As you may know, European elections are held in Germany today (as well as in many other nations). But if you don't, you could be forgiven - even if you spent the last four weeks in Germany. Based on this and the fact that at my local polling station, 15 (fifteen) people had voted between ten and eleven o'clock (despite the decent weather), I'm willing to make a prediction - or rather, two versions of the same prediction:
Weak claim: Today's elections will set a new record low in participation.
Strong claim: Participation will be below 40%.
Just to clarify: I actually think the strong claim is true. Results tonight.

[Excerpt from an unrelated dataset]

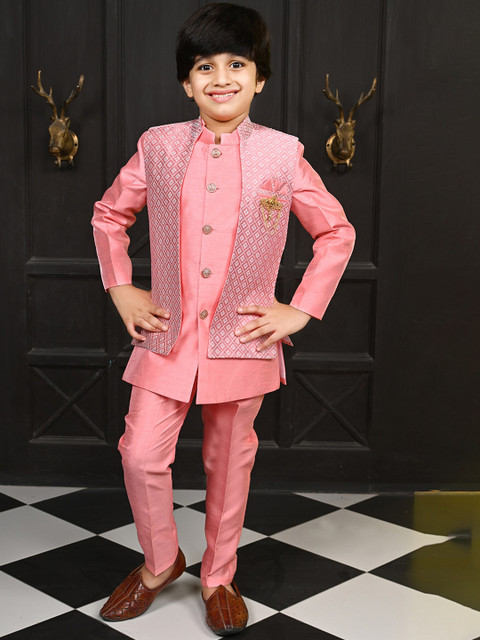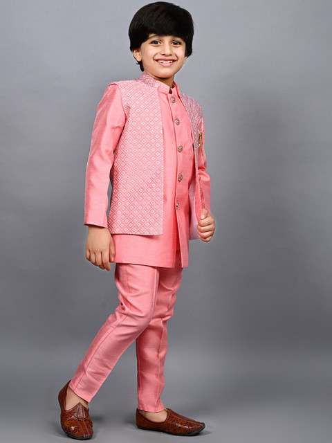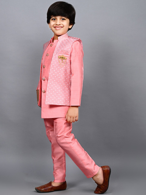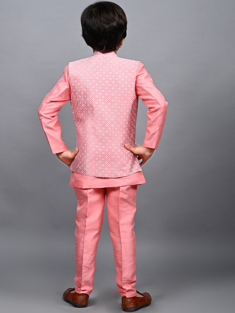 ahhaaaa Boys Self Designed Mandarin Collar 3-Piece Sherwani Set

Update 19:54: According to the most recent estimates I've seen, the weak claim seems to be correct, the strong claim wrong.
Update 09-06-09: Wrong on both counts. See second comment, though.
Nothing as Useful as a Bad Theory
4 years ago
2 comments:
British Euro-electrions were on Thursday, but in some parts of the country they coincided with our local government elections. I expect this, together with the current UK political shennanigans, led to increased turnout over here.
Stupid me: Same problem here. Local elections were also held in seven Länders, covering about a third of the electorate. Otherwise I would have been completely right, of course!
If I can get myself interested enough I'll go and dig up the data and try to estimate what the participation rate would have been otherwise. Doubt it, though.